How to find the indefinite integral $$\int \frac{dx}{1+x^{n}}$$ where n is a positive integer?

Answer 1

I just wanted to comment to give the general formula for this explicitly in case you have interest, but I can't comment so I must post an answer.
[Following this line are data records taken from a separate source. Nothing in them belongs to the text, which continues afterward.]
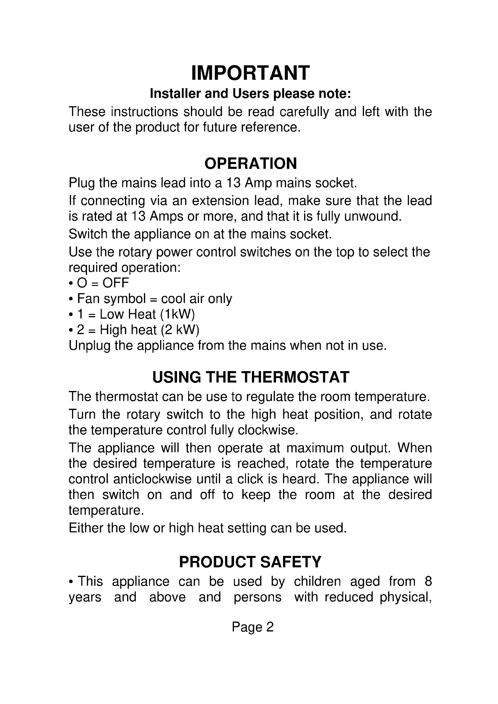 - Coupure de Sécurité en cas de Surchauffe Page 1IMPORTANT Installer and Users please note: These instructions should be read carefully and left with the user of the product for future reference. OPERATION Plug the mains lead into a 13 Amp mains socket. If connecting via an extension lead, make sure that the lead is rated at 13 Amps or more, and that it is fully unwound. Switch the appliance on at the mains socket. Use the rotary power control switches on the top to select the required operation:
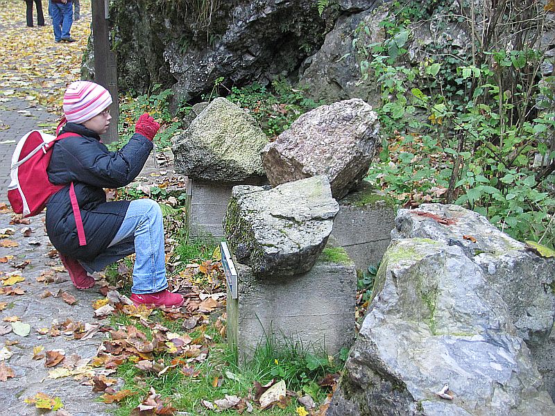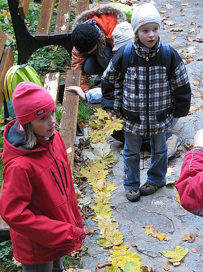 Tento pátek jsme prozkoumali Kateřinskou jeskyni. Již ve 12:45 hod jsem odjížděli autobusem ze školy. Za hodinu nás přivítala severní brána Moravského krasu Skalní mlýn. Podzimní slunce nám zpříjemňovalo malou soutěž-vytváření řetězu ze žlutých listů.
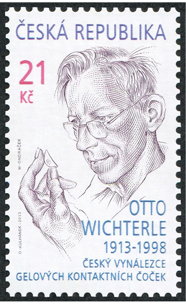 The Czech stamp illustrated here was issued in 2013 to commemorate the centennial of Wichterle’s birth. In addition to his pioneering work on hydrogels, he studied the polymerization of ε-caprolactam to produce Nylon 6 and investigated the conversion of vinylic halides such as 1,3-dichloro-2-butene to ketones (a variation of the Robinson annulation that now bears his name). He published more than 150 scientific articles and obtained approximately 180 patents for his multiple contributions to chemistry and materials science. In 1967, he became the founder and first president of IUPAC’s Macromolecular Division, which became the Polymer Division (“Division IV”) in 2004. Shortly after democracy was restored in his homeland at the end of 1989, he was elected President of the Czechoslovak Academy of Sciences, a belated honor for a man who served his country in both the political and scientific arenas. Interestingly, even though Wichterle is universally considered the father of soft contact lenses, he never stopped wearing his own pair of eyeglasses!
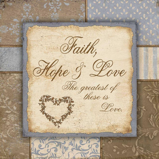 Faith Hope and Love White Modern Wood Framed Art Print with Double Matting by Moulton, Jo
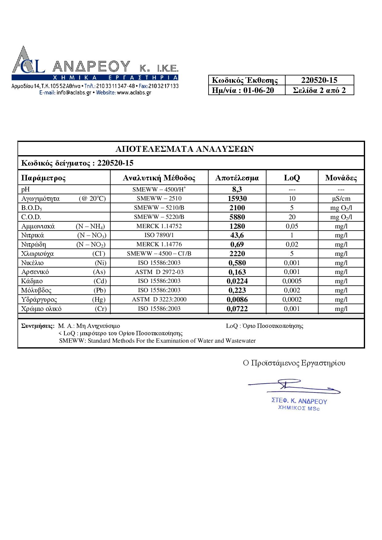 Παραλάβαμε τις απαντήσεις που αποδεικνύουν την εγκληματική μόλυνση του περιβάλλοντος και του υδροφόρου ορίζοντα κάτι που συμβαίνει για τουλάχιστον 20 έτη στην περιοχή μας. Τα αποτελέσματα των αναλύσεων έδειξαν:
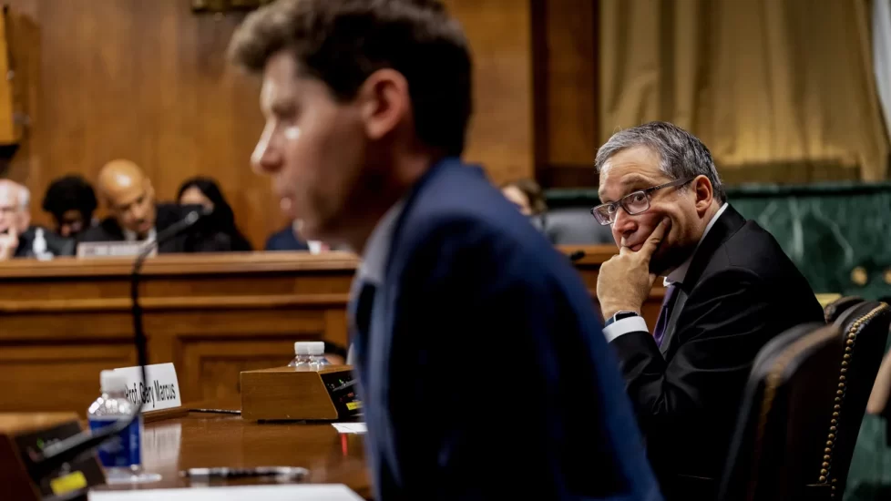 Gary Marcus, profesor emeritus në Universitetin e Nju Jorkut, djathtas, dëgjon Sam Altman, drejtor ekzekutiv dhe bashkëthemelues i OpenAI, duke folur gjatë një seance dëgjimore të Nënkomitetit Gjyqësor të Senatit në Uashington, DC, SHBA, të martën, 16 maj 2023
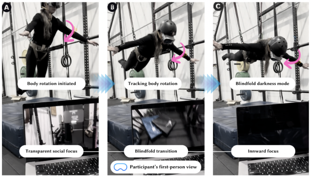 [1] states that “a central puzzle that people face, from a design perspective, is how to make communication possible that was once difficult, impossible or unimagined.” This problem is exacerbated when the communication topic is one’s own body awareness and proprioception – and it’s an even bigger problem when you add the extra element of being suspended in the air.
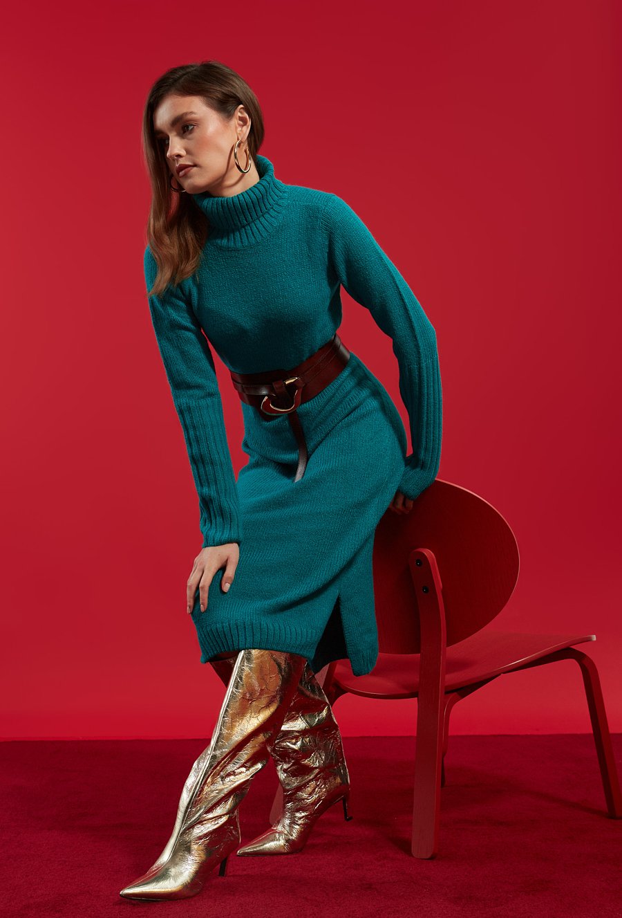 Dzianinowa sukienka z golfem
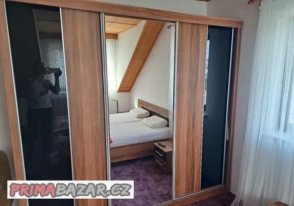 Prodám velkou šatní skříň, žádné vady. Posuvné dveře. V 210cm, Š 230cm. Uprostřed za zrcadlem je policová část a na krajích je závěsný systém na šaty a police. Pro více informací pište popřípadě ještě nafotím.
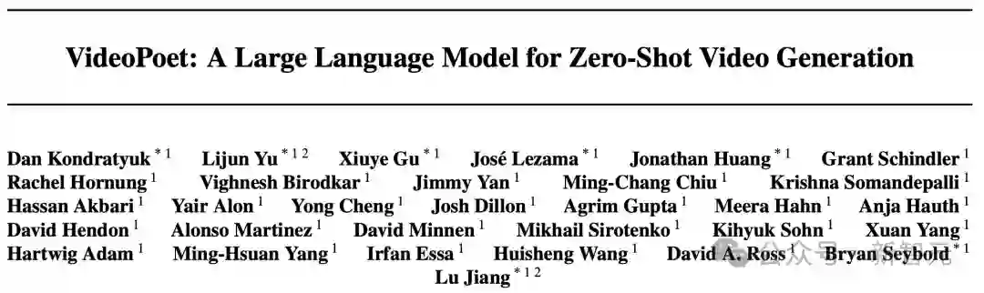 作者:Dan Kondratyuk,Lijun Yu,Xiuye Gu,José Lezama,Jonathan Huang,Grant Schindler,Rachel Hornung,Vighnesh Birodkar,Jimmy Yan,Ming-Chang Chiu,Krishna Somandepalli,Hassan Akbari,Yair Alon,Yong Cheng,Josh Dillon,Agrim Gupta,Meera Hahn,Anja Hauth,David Hendon,Alonso Martinez,David Minnen,Mikhail Sirotenko,Kihyuk Sohn,Xuan Yang,Hartwig Adam,Ming-Hsuan Yang,Irfan Essa,Huisheng Wang,David A. Ross,Bryan Seybold,Lu Jiang 机构:卡内基梅隆大学、Google
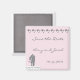 Couple cake topper wedding save the date magnet with hearts accent on light pink background. Makes perfect fridge magnet to remember the date!
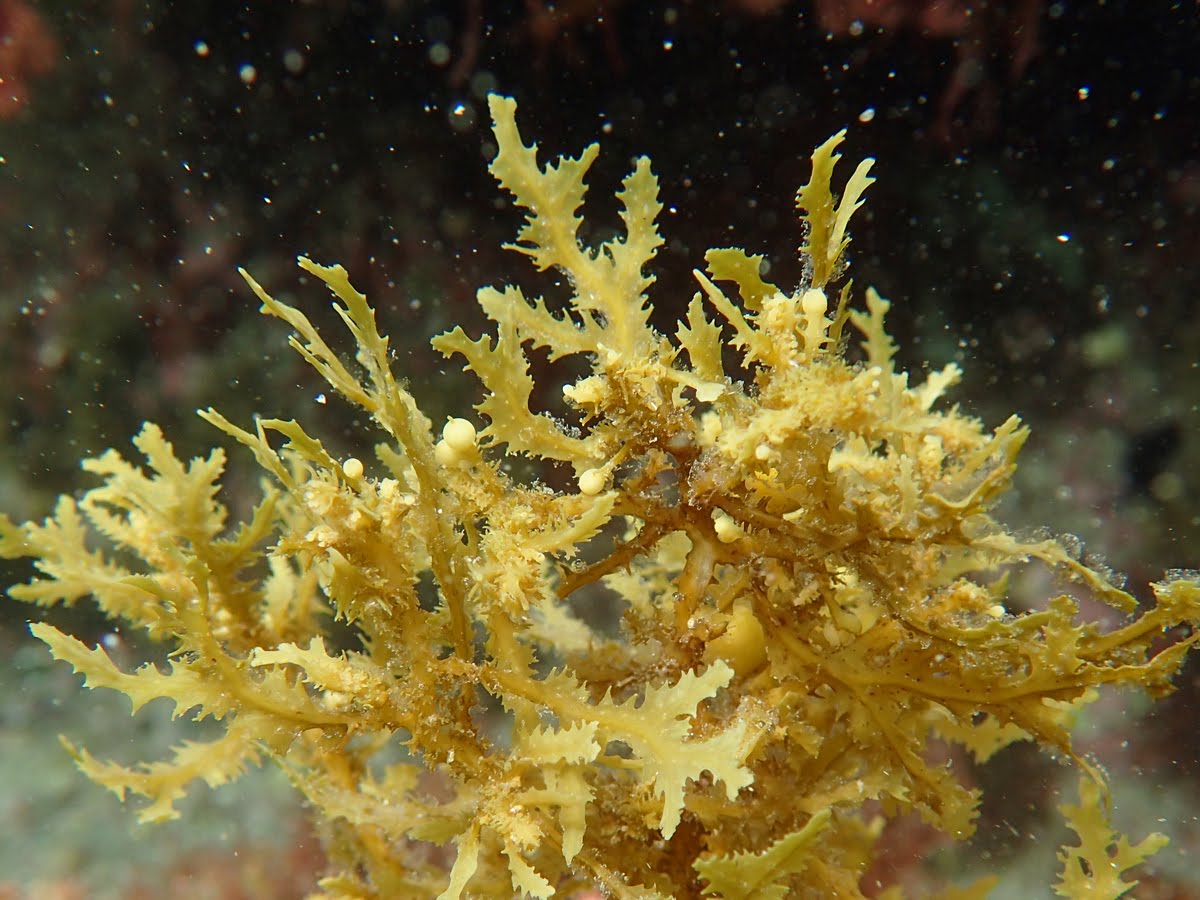 自然海岸の潮間帯に繁茂する大型の藻類(海藻)について、形態や生態を観察します。観察場所の番所崎は、黒潮の影響を強く受ける岩礁海岸で、大小様々のタイドプールがみられます。現場で海藻の色、形、手触りを観察し、標本として採集します。持ち帰った海藻は図鑑で調べ、同定の基準となる組織切片のスケッチも行います。また、種ごとの押し葉標本を作製します。
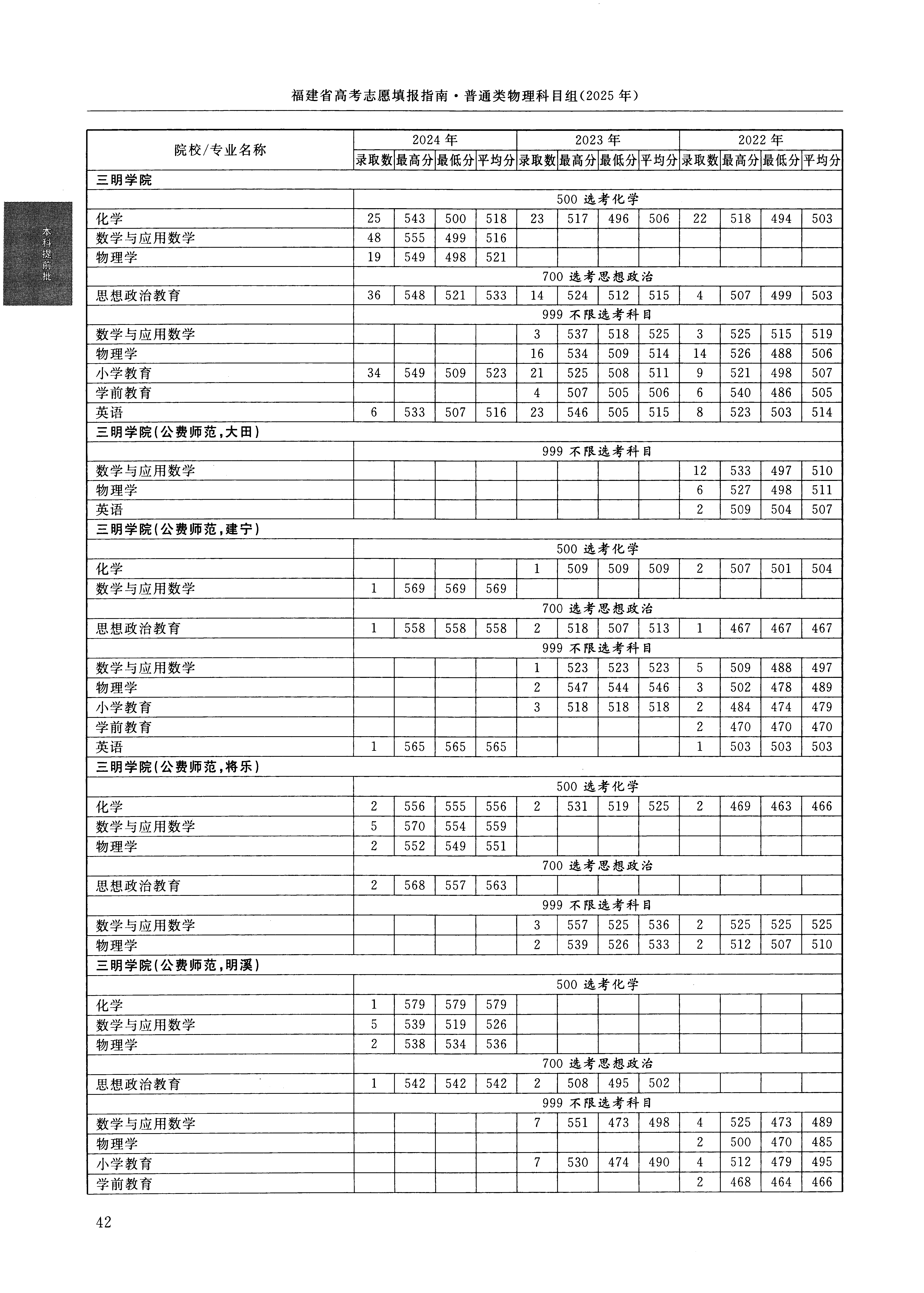 2024年福建高考普通类本科提前批 三明学院 的 英语 专业录取分数溯源信息
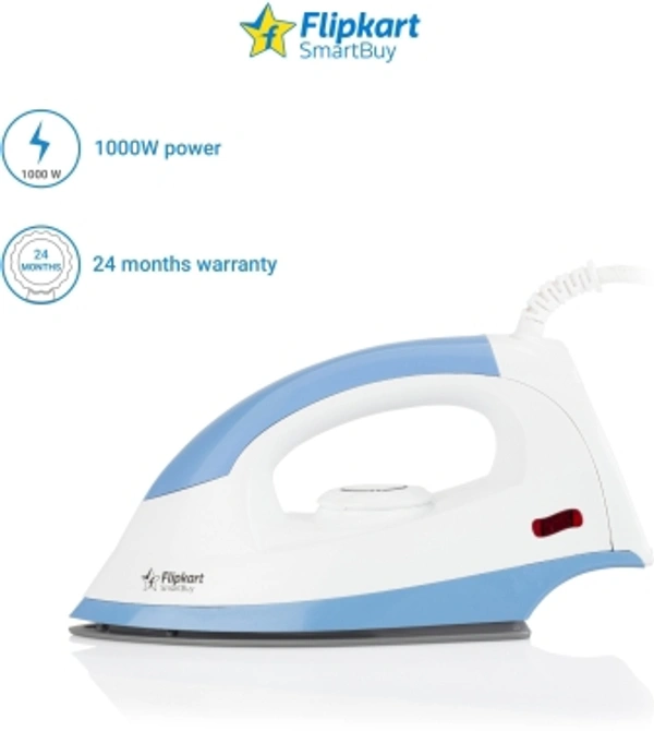 Flipkart SmartBuy 1000 W Dry IronColor: Blue, White, Grey, WhiteDry IronNon Stick Coated PlateConsumes 1000 W7 Days Replacement Policy, No questions asked
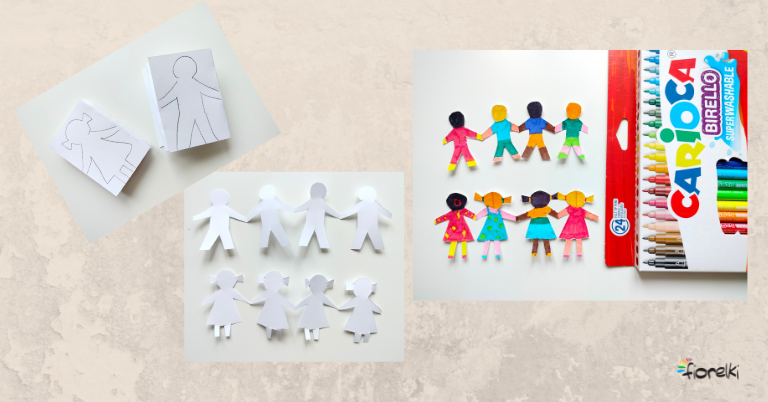 Złóż białą kartkę na cztery części, narysuj sylwetki chłopca i dziewczynki. Wytnij i rozłóż – dzieci będą trzymać się za ręce. Pokoloruj postacie pisakami Carioca – im bardziej kolorowo, tym lepiej!

For $n=2q-1,$ with $q\in\mathbb{N},$ and $m<n$ both natural numbers, $$\int\frac{x^{m-1}}{x^n+1}dx=\frac{\left(-1\right)^{m-1}}{n}\log\left(x+1\right)\\-\frac{1}{n}\sum\limits_{k=1}^{\frac{n-1}{2}}\cos\frac{(2k-1)m\pi}{n}\log\left(x^2-2x\cos\frac{(2k-1)\pi}{n}+1\right)\\+\frac {2}{n}\sum\limits_{k=1}^{\frac{n-1}{2}}\sin\frac{(2k-1)m\pi}{n}\tan^{-1}\frac{x-\cos\frac{(2k-1)\pi}{n}}{\sin\frac{(2k-1)\pi}{n}}.$$ If $n=2q,$ $$\int\frac{x^{m-1}}{x^n+1}dx=-\frac{1}{n}\sum\limits_{k=1}^{n/2}\cos\frac{(2k-1)m\pi}{n}\log\left(x^2-2x\cos\frac{(2k-1)\pi}{n}+1\right)\\+\frac {2}{n}\sum\limits_{k=1}^{n/2}\sin\frac{(2k-1)m\pi}{n}\tan^{-1}\frac{x-\cos\frac{(2k-1)\pi}{n}}{\sin\frac{(2k-1)\pi}{n}}.$$

Method of proof:

Partial fractions are obtained by $$\frac{x^{m-1}}{x^n+1}=\frac{1}{n}\sum\limits_{\alpha}\frac{\alpha^m}{x-\alpha},$$ where $\alpha^n+1=0.$ If $n$ is odd it is clear the first $\alpha$ is $-1.$ The rest of the terms must be from $$\frac{e^{\frac{(2k-1)m\pi}{n}i}}{x-e^{\frac{(2k-1)\pi}{n}i}}+\frac{e^{-\frac{(2k-1)m\pi}{n}i}}{x-e^{-\frac{(2k-1)\pi}{n}i}}=\frac{2\cos\frac{(2k-1)m\pi}{n}\left(x-\cos\frac{(2k-1)\pi}{n}\right)-2\sin\frac{(2k-1)m\pi}{n}\sin\frac{(2k-1)\pi}{n}}{x^2-2x\cos\frac{(2k-1)\pi}{n}+1}$$ and integrate from here; $$\int\frac{dx}{x^2+r^2}=\frac{1}{r}\tan^{-1}\frac{x}{r}.$$

Answer 2

We have $f(x)=\frac{1}{x^n+1}$. Note that we can write

$$f(x)=\prod_{k=1}^n(x-x_k)^{-1} \tag {1}$$

where $x_k=e^{i(2k-1)\pi/n}$, $k=1, \cdots,n$.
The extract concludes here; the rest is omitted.